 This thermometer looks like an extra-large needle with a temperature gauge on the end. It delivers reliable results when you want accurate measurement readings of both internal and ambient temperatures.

...

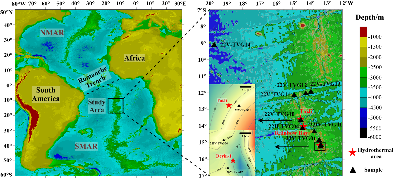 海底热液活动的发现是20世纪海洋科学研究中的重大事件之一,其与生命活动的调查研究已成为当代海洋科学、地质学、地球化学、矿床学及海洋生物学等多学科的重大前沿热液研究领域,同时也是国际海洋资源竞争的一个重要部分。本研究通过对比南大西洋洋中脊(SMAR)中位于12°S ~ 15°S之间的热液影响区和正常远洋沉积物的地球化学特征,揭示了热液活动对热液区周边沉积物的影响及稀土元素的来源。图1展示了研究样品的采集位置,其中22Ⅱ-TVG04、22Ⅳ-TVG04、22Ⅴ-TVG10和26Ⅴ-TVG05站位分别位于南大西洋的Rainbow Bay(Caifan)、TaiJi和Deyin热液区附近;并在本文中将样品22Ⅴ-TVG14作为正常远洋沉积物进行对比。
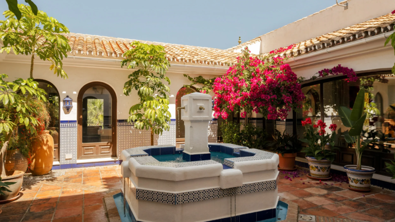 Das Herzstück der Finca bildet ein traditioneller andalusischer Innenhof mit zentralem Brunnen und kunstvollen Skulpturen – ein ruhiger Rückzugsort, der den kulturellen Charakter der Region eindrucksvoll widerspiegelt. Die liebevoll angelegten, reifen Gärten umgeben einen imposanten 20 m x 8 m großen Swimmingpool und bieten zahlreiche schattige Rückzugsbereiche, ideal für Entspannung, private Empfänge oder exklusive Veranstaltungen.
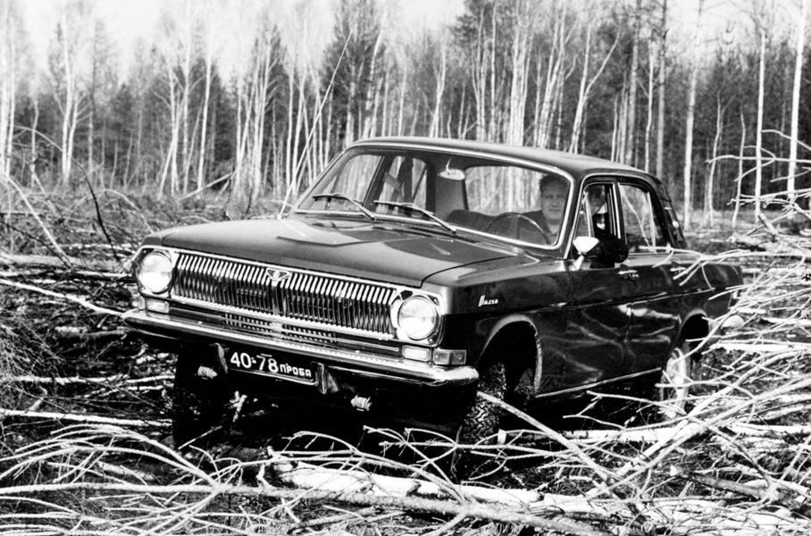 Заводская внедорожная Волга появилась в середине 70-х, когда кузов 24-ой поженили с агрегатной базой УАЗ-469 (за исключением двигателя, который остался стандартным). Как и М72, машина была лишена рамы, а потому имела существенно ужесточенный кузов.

**What the task requires**
Among the entries above, find the line with "Das Herzstück der" and repeat exactly from there through the line with "Заводская внедорожная Волга", leaving out the pictures.

**Expected answer**
 Das Herzstück der Finca bildet ein traditioneller andalusischer Innenhof mit zentralem Brunnen und kunstvollen Skulpturen – ein ruhiger Rückzugsort, der den kulturellen Charakter der Region eindrucksvoll widerspiegelt. Die liebevoll angelegten, reifen Gärten umgeben einen imposanten 20 m x 8 m großen Swimmingpool und bieten zahlreiche schattige Rückzugsbereiche, ideal für Entspannung, private Empfänge oder exklusive Veranstaltungen.
 Заводская внедорожная Волга появилась в середине 70-х, когда кузов 24-ой поженили с агрегатной базой УАЗ-469 (за исключением двигателя, который остался стандартным). Как и М72, машина была лишена рамы, а потому имела существенно ужесточенный кузов.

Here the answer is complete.